Mercúrio em uma planície fluvial em uso
Os pesquisadores amostraram 39 poços de água subterrânea e 11 pontos no rio Ganga em Kanpur e arredores. Mercúrio foi detectado em todas as amostras de água subterrânea, e cerca de um em cada cinco poços ultrapassou a diretriz indiana para água potável de 1 micrograma por litro, enquanto as amostras do rio ficaram abaixo desse nível. Ao contrário de um derramamento claro a partir de um único tubo de fábrica, o padrão parecia irregular e difuso. A água subterrânea também mostrou condutividade elétrica e sólidos dissolvidos mais altos que o rio, sinais de que a água passa mais tempo abaixo do solo, evapora e interage com minerais antes de ser bombeada à superfície. Juntas, essas pistas sugerem que o aquífero se comporta menos como um tubo de fluxo rápido e mais como uma armadilha lenta que pode armazenar e concentrar contaminantes trazidos da superfície. 
Fumaça, chuva e agricultura como atores-chave
Kanpur fica em um cinturão de usinas termelétricas a carvão, olarias e outras indústrias que liberam mercúrio e enxofre no ar. Estudos regionais anteriores e os novos dados indicam que grande parte do mercúrio chega primeiro à região pela atmosfera: chaminés lançam partículas finas no céu, os ventos as espalham e as monções as devolvem à superfície sobre campos, solos e corpos d’água. A equipe encontrou um tipo comum de água subterrânea rica em cálcio, magnésio e sulfato, assinatura de entradas carregadas de enxofre vindas dessas emissões. A irrigação intensiva molda ainda mais a química. A água aplicada aos campos dissolve sais e metais-traço no solo e depois retorna em profundidade. À medida que esse fluxo de retorno evapora, deixa para trás material dissolvido mais concentrado, incluindo mercúrio, e ajuda a movê-lo mais profundamente no aquífero.

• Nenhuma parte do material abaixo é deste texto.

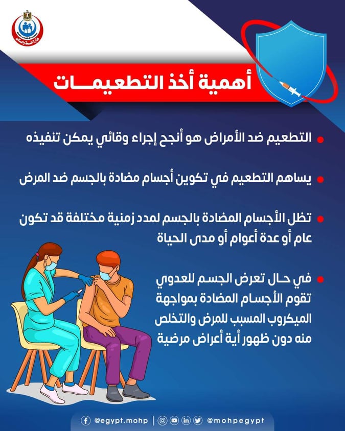 نشرت وزارة الصحة والسكان، عبر صفحتها الرسمية بموقع التواصل الاجتماعي “فيس بوك”، انفوجراف حول أهمية التطعيمات الخاصة بفيروس كورونا كوفيد-19.

Química subterrânea que retém o mercúrio
Além de medir apenas as quantidades totais, os autores examinaram como o ambiente químico subterrâneo controla a forma e o movimento do mercúrio. Ao combinar medições de campo de acidez e estado redox com diagramas teóricos, mostraram que muitas amostras de água subterrânea se situam numa zona onde espécies reduzidas e dissolvidas de mercúrio são estáveis. Nessas condições ligeiramente alcalinas e com baixo oxigênio, o mercúrio tende a permanecer dissolvido em vez de se fixar em minerais sólidos. Ao mesmo tempo, ferro e cromo formam principalmente fases sólidas menos móveis, enquanto o arsênico frequentemente se liga a óxidos de ferro. Isso ajuda a explicar por que ferro e arsênico se comportam de modo diferente do mercúrio, e por que o mercúrio pode permanecer disseminado em águas subterrâneas mesmo quando outros metais são lavados ou imobilizados.

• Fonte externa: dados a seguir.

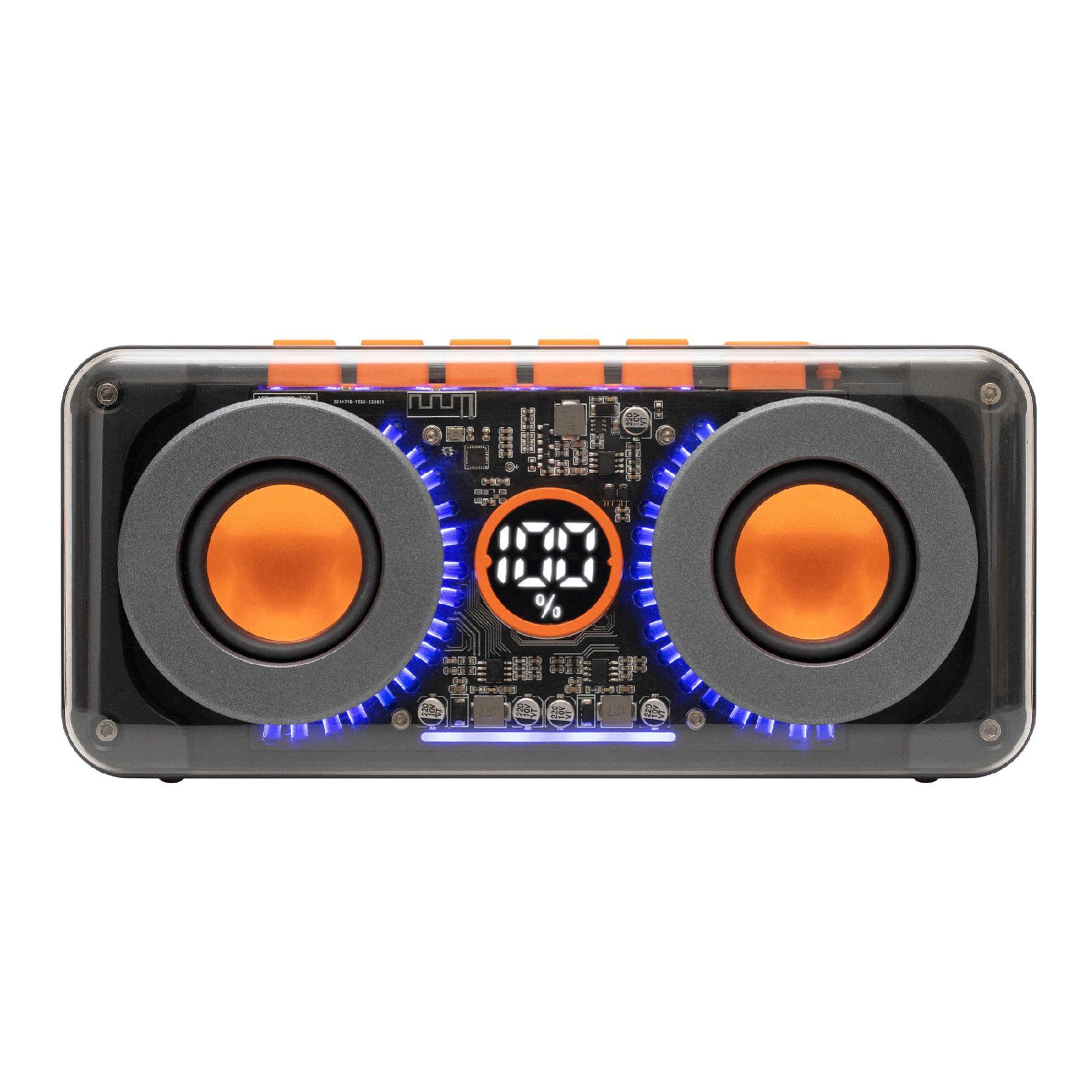 Ez a készülék innovatív technológiát és stílusos kialakítást ötvöz. A változtatható RGB LED fényjátékának köszönhetően hangulatához igazíthatja a környezetét, míg a digitális hangerő-kijelző és az akkumulátor töltöttség kijelzése biztosítja, hogy mindig képben legyen a készülék állapotával. Két hangszóró sztereó párosítása lehetővé teszi a kiterjesztett stereo élményt, így akár egy nagyobb térben is tökéletes hangzást biztosít.

Uma mistura de rocha natural e impressões humanas
A equipe usou ferramentas estatísticas para desembaraçar influências sobrepostas. Um agrupamento de elementos, incluindo sódio, cálcio, magnésio, sulfato, fluoreto, urânio e boro, apontou para intemperismo de rochas naturais e dissolução de sais intensificados por recarga e evaporação. Outro grupo, dominado por metais como cromo, chumbo e ferro, refletiu o impacto de curtumes, metalúrgicas e outras indústrias, especialmente na água superficial. O mercúrio mostrou ligações limitadas a esses despejos industriais diretos, fortalecendo a ideia de que ele chega principalmente como um aporte atmosférico difuso e depois é concentrado subterraneamente. Co-contaminantes como arsênico, urânio e cromo elevam preocupações adicionais, pois podem interagir com minerais e entre si, afetando a facilidade de mobilidade e a exposição humana. 
Riscos à saúde e o que significam para as pessoas
Para avaliar como essa química pode afetar os moradores, os autores calcularam vários índices de poluição e de saúde usando diretrizes nacionais e internacionais. A maioria dos metais em água subterrânea permaneceu dentro dos limites quando considerados individualmente, ainda que o arsênico na água do rio e o mercúrio em alguns poços se destacassem. Riscos à saúde não-cancerígenos, expressos como quocientes de risco, foram mais altos para arsênico na água do rio, e o risco geral foi consistentemente maior para crianças do que para adultos devido ao menor peso corporal e maior ingestão por quilo. Estimativas de risco de câncer, impulsionadas principalmente por arsênico e cromo, ficaram perto ou acima de limites comumente aceitos, particularmente para pessoas expostas à água do rio. Embora o mercúrio não tenha sido o maior contribuidor nessas métricas, sua persistência, capacidade de se transformar em formas mais tóxicas e tendência a ocorrer com outros metais o tornam uma preocupação séria a longo prazo.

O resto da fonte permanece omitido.